Segment Start: Data excerpt

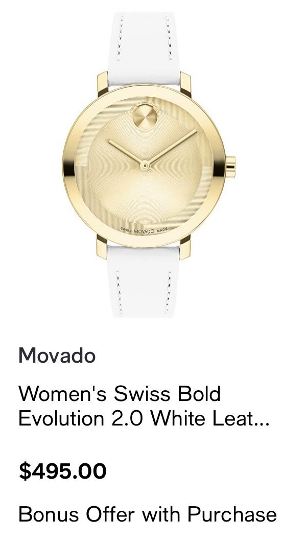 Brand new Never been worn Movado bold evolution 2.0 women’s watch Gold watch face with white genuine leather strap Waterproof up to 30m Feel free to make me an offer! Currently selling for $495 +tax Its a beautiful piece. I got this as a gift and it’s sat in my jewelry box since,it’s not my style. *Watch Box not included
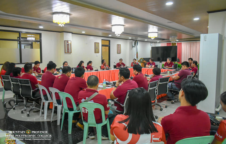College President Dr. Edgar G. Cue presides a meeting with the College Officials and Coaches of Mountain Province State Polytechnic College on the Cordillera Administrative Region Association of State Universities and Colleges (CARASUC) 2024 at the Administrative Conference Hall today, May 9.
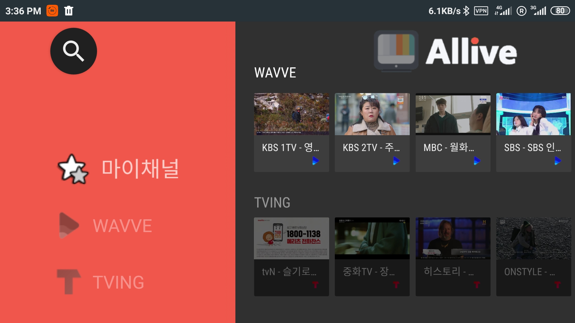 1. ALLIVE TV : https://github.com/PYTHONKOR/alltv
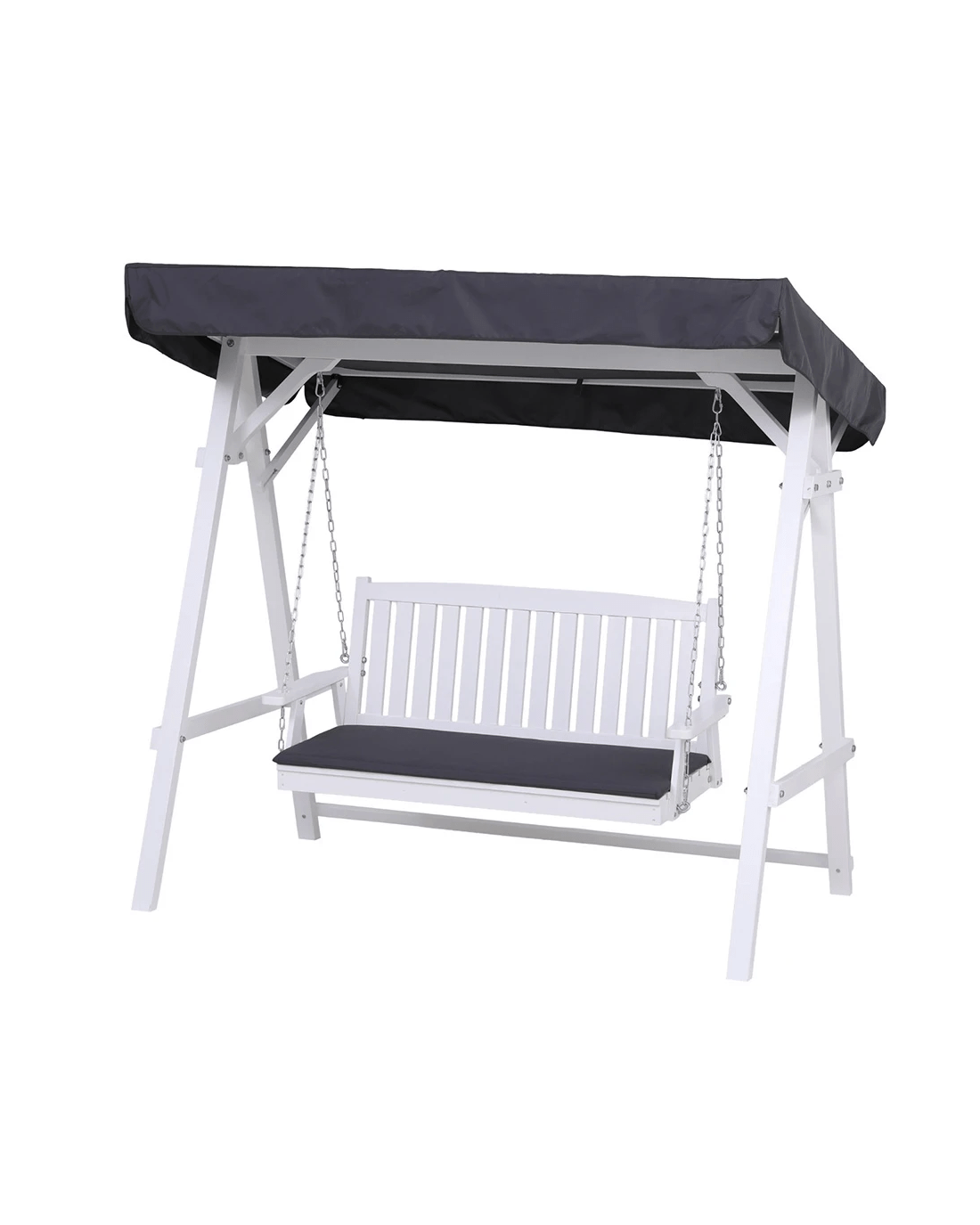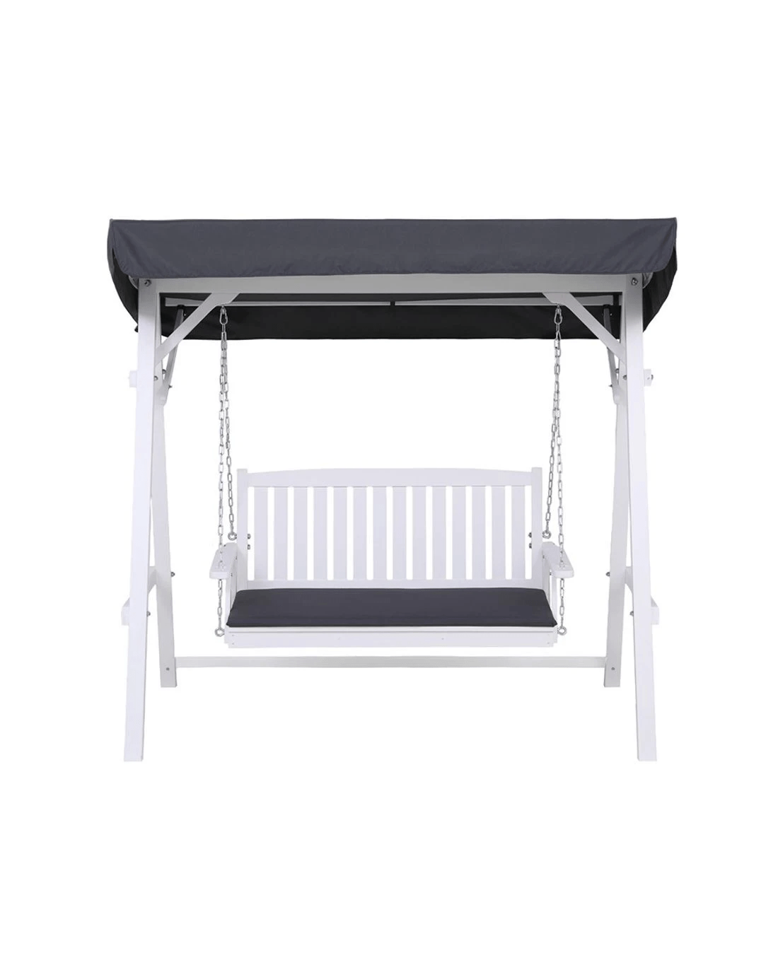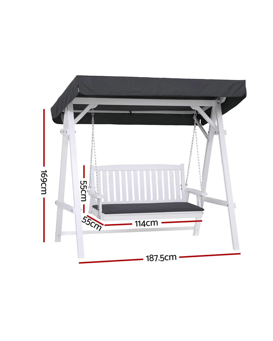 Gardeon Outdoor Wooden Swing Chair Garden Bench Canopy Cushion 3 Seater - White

Segment End: Data excerpt

(Aim of the exercise) Leaving out all pictures, retype exactly the lines that run from the one containing "College President Dr." through the last line of the material.

(Solution)
College President Dr. Edgar G. Cue presides a meeting with the College Officials and Coaches of Mountain Province State Polytechnic College on the Cordillera Administrative Region Association of State Universities and Colleges (CARASUC) 2024 at the Administrative Conference Hall today, May 9.
 1. ALLIVE TV : https://github.com/PYTHONKOR/alltv
 Gardeon Outdoor Wooden Swing Chair Garden Bench Canopy Cushion 3 Seater - White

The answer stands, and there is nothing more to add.